Excerpted records>
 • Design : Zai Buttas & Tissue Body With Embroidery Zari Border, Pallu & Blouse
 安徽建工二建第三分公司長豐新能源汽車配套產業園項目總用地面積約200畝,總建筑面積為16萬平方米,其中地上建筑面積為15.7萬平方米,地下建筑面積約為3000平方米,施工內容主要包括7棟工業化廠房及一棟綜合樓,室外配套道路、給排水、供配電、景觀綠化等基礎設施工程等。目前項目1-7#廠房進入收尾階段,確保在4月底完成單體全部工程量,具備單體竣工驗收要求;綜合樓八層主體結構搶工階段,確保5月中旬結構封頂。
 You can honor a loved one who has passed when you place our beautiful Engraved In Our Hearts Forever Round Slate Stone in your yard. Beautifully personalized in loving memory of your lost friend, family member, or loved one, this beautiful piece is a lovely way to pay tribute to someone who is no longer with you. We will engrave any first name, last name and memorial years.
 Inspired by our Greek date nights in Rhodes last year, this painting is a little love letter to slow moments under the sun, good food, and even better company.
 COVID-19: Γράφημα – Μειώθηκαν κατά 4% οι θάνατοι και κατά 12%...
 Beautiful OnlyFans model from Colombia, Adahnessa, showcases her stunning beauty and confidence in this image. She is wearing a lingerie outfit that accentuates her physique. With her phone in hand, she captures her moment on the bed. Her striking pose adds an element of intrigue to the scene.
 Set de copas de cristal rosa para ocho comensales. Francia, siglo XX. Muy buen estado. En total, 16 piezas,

--

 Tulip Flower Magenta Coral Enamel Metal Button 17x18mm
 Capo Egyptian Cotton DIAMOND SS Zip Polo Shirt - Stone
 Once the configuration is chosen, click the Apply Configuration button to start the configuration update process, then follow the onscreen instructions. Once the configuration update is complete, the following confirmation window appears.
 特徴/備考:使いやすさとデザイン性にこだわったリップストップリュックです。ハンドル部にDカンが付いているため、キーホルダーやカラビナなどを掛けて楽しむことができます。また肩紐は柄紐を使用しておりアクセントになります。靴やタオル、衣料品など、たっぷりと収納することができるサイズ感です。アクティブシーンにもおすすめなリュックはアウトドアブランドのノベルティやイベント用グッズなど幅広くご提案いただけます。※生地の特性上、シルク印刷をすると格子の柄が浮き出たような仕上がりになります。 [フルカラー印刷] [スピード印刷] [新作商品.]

Your objective>
Give the exact lines, and only those, from the line containing "Capo Egyptian Cotton" through the line containing "Once the configuration is" in the entries above.

Task response>
 Capo Egyptian Cotton DIAMOND SS Zip Polo Shirt - Stone
 Once the configuration is chosen, click the Apply Configuration button to start the configuration update process, then follow the onscreen instructions. Once the configuration update is complete, the following confirmation window appears.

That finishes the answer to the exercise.